Start of Block

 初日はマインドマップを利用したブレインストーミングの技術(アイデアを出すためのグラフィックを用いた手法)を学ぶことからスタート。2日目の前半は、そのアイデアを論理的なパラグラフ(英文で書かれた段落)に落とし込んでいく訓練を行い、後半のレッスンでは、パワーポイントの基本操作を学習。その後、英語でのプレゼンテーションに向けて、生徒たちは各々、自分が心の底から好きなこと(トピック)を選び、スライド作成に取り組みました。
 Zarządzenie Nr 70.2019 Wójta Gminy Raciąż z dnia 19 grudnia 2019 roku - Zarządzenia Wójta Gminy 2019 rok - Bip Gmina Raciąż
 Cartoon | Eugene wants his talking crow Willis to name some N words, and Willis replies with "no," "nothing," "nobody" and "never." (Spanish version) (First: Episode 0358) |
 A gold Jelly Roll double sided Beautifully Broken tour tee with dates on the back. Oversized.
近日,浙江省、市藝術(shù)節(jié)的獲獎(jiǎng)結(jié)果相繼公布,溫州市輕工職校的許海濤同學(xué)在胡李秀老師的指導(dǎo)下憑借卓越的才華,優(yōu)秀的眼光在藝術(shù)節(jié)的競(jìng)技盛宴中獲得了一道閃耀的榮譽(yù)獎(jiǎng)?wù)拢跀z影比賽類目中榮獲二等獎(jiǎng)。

End of Block
Start of Block

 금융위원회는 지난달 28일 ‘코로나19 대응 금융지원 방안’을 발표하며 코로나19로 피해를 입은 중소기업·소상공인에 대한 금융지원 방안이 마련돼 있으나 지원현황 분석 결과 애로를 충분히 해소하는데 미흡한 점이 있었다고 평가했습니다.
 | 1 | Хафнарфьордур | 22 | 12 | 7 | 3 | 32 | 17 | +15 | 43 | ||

End of Block

All lines above from the one with "A gold Jelly" to the one with "近日,浙江省、市藝術(shù", inclusive, should be copied exactly, and no other lines.

 A gold Jelly Roll double sided Beautifully Broken tour tee with dates on the back. Oversized.
近日,浙江省、市藝術(shù)節(jié)的獲獎(jiǎng)結(jié)果相繼公布,溫州市輕工職校的許海濤同學(xué)在胡李秀老師的指導(dǎo)下憑借卓越的才華,優(yōu)秀的眼光在藝術(shù)節(jié)的競(jìng)技盛宴中獲得了一道閃耀的榮譽(yù)獎(jiǎng)?wù)拢跀z影比賽類目中榮獲二等獎(jiǎng)。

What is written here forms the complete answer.